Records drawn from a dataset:
++++++++
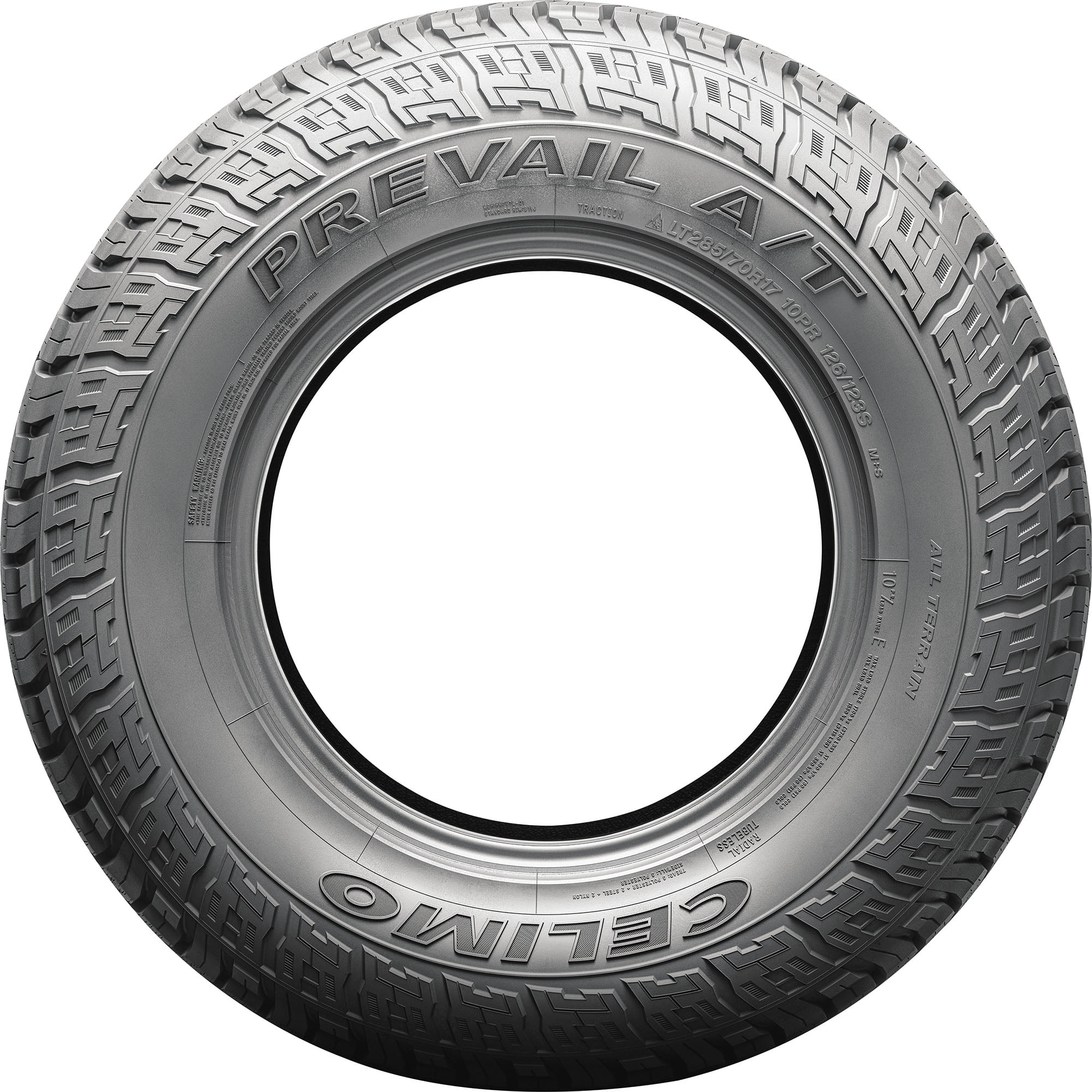 $142.31Celimo Prevail A/T 285/70R17 117T OVERVIEW Loaded with innovations and performance-oriented features, the Celimo Prevail A/T is an outstanding all-terrain tire for light trucks, Jeeps, and SUVs. The Prevail A/T is designed for durability and off-road traction, with offset tread blocks and step-down groove walls that improve durability and handling while also helping to eject stones and debris to protect the casing. The Celimo Prevail A/T’s lugs at the shoulder extend down onto the sidewall for enhanced lateral traction, and It’s variable-depth siping earns it the Three Peak Mountain Snowflake certification for severe winter service. Additionally, the Celimo Prevail A/T is covered from the factory with a 50,000 mile limited manufacturer tread life warranty.
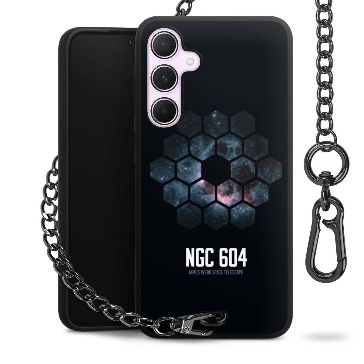 - Mattschwarze Handyhülle mit Metallkette
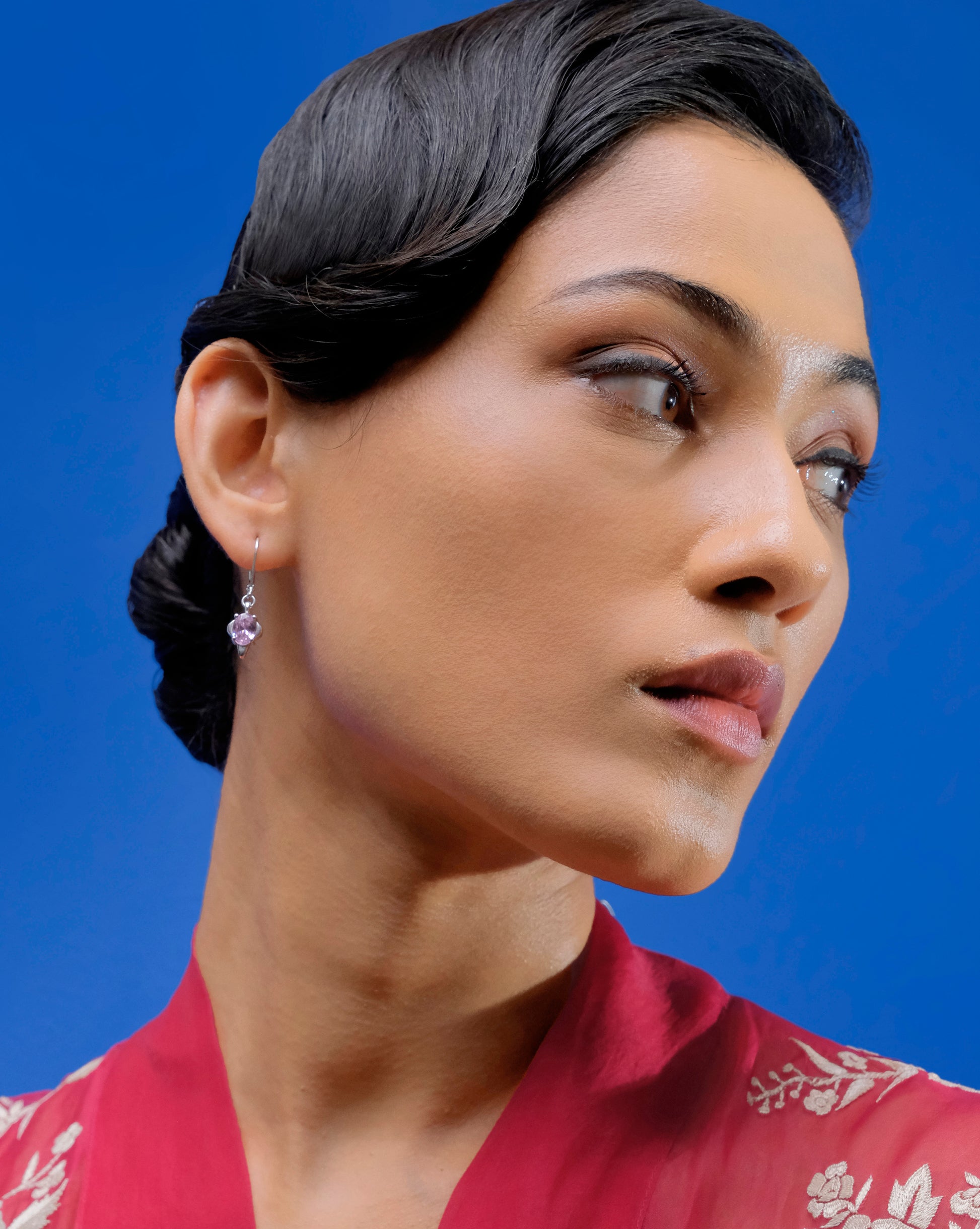 Mini pink crystals encased into tiny soft silver earrings that are dainty and romantic !
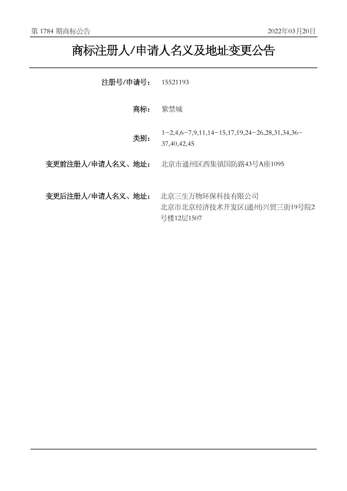 商标注册人/申请人名义及地址变更公告 2022-03-20 第1784期 查看公告
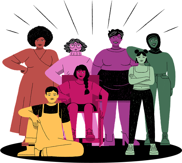 Féministes, car lutter contre le sexisme et les violences de genre pour nous, c'est ne pas oublier de lutter dans un même temps contre toutes les autres formes de violences : racisme, transphobie, homophobie, validisme, classisme, âgisme, etc. Cliquer ici pour accéder aux définitions.
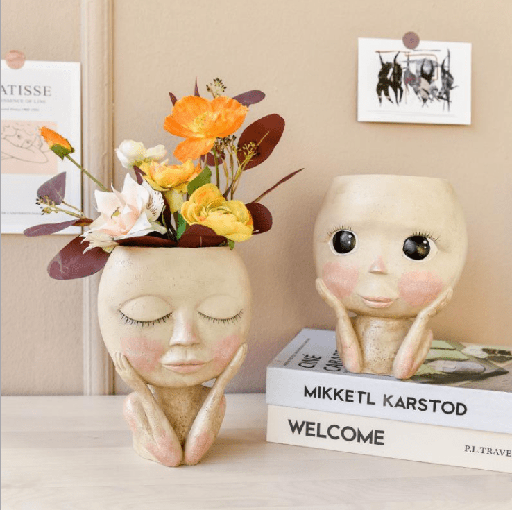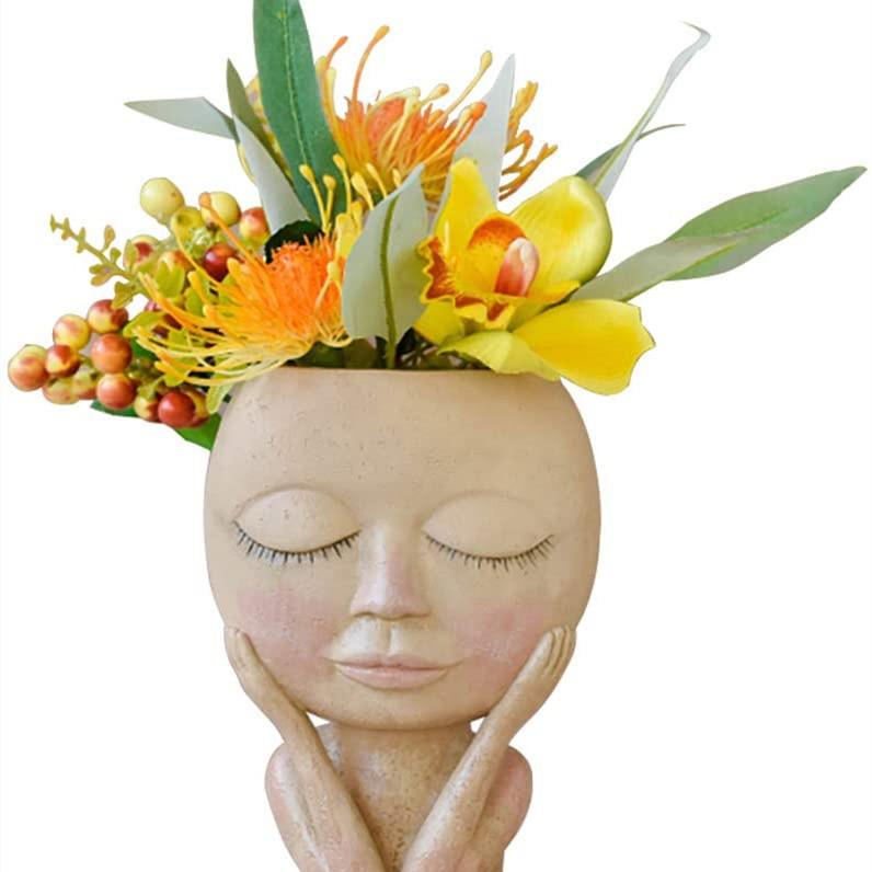 - La tête sert de support pour le sol, vous pouvez l’utiliser pour planter des mini plantes vertes, telles que des herbes, des plantes succulentes ou des cactus.
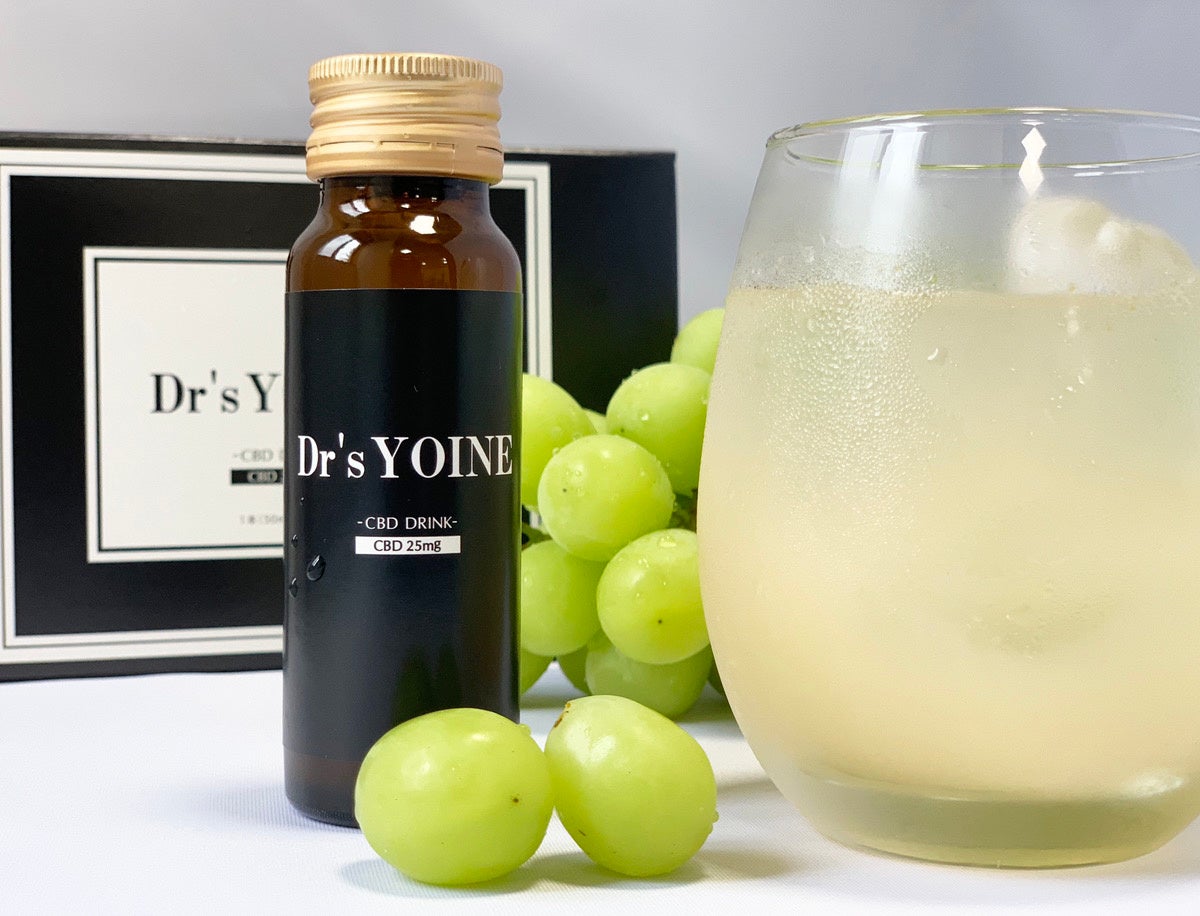 「Dr’s YOINE 水溶性CBDドリンク」は、内容量50ml中に水溶性CBDを25㎎含有した高濃度CBDドリンクです。すっきりしたマスカットの甘みがCBDの苦みを抑えて飲みやすく、さらにアルコールを含まないので、老若男女問わずお楽しみいただけます。
++++++++
What is needed:
Give again, word for word, each line from the one holding "- La tête sert" through the end of the entries, and leave out any picture.

Expected answer:
 - La tête sert de support pour le sol, vous pouvez l’utiliser pour planter des mini plantes vertes, telles que des herbes, des plantes succulentes ou des cactus.
 「Dr’s YOINE 水溶性CBDドリンク」は、内容量50ml中に水溶性CBDを25㎎含有した高濃度CBDドリンクです。すっきりしたマスカットの甘みがCBDの苦みを抑えて飲みやすく、さらにアルコールを含まないので、老若男女問わずお楽しみいただけます。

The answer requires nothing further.